連載をはじめます ──「日本工芸は、海外でどう読まれるか」。
kintsugi,wabi-sabi,urushi。 いま、「工芸」を表す言葉は、国境を越えて遠くまで旅をしています。壊れたものを受け入れる哲学として、あるいは不完全さの美学として。世界の人々がこれらの言葉を語り、自らの生き方に重ね合わせる風景は珍しくありません。

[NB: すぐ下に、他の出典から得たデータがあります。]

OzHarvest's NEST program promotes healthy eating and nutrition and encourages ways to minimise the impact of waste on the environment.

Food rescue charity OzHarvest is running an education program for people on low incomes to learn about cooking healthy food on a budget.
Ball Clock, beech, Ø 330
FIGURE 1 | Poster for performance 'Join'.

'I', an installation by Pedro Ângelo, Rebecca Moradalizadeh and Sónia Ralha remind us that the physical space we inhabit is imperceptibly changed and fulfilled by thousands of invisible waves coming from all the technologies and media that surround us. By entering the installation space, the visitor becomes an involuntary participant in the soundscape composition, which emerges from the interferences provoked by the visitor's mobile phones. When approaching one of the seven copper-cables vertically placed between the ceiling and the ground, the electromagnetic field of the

私たちは今回、海外のSNS上に溢れる工芸をめぐる約8万件のテキストデータを抽出・分析しました。膨大なデータベースを紐解くなかで浮かび上がってきたのは、概念的な賛辞の裏側にある、もう一つの確かな声。
「実際に手にして、はじめてわかることがある」
漆の柔らかな艶に目を奪われた人。本物の金継ぎと、エポキシ樹脂による金継ぎ"風"の決定的な違いに気づいた人。藍の色が時とともに深まっていく経年変化を知った人。

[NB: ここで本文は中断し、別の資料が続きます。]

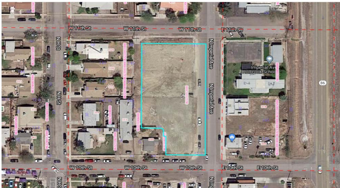
VAR (20_01)-Imperial Senior Apartment Project-Parking Reduction Request

海外の受け手たちのリアルな言葉を手がかりに、概念として消費される工芸を、全11回にわたり静かに見つめ直していきます。
第1回は「手にして、はじめてわかること」。 最も成功した工芸の入口である、一本の「漆塗りの万年筆」をめぐる対話から始めます。
世界の視線を通じて、日本の工芸を新たな角度から見つめ直す時間に、どうぞお付き合いください。